■ Task objective: The line with "JUNGTINĖS TAUTOS stato", the line with "Šioje kovoje —", and all lines between them in the material below: return these exactly, and no others.

■ Provided information:
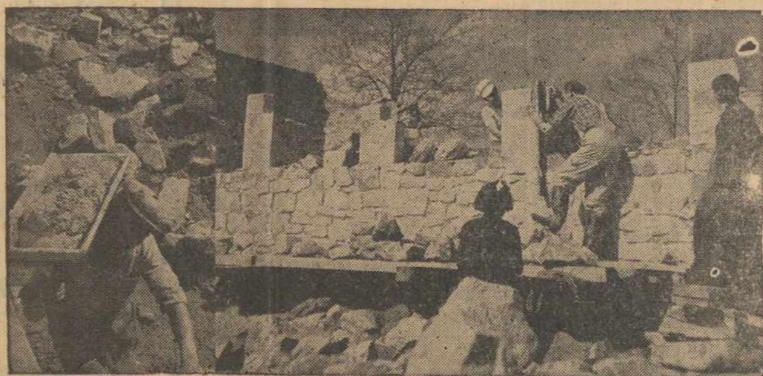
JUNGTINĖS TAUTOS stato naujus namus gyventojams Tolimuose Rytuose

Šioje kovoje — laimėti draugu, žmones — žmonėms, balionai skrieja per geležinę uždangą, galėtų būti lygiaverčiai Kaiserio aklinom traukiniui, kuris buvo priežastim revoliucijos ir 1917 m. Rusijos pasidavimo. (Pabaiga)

...

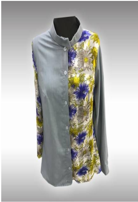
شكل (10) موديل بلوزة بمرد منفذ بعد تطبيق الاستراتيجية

■ Answer space:
JUNGTINĖS TAUTOS stato naujus namus gyventojams Tolimuose Rytuose

Šioje kovoje — laimėti draugu, žmones — žmonėms, balionai skrieja per geležinę uždangą, galėtų būti lygiaverčiai Kaiserio aklinom traukiniui, kuris buvo priežastim revoliucijos ir 1917 m. Rusijos pasidavimo. (Pabaiga)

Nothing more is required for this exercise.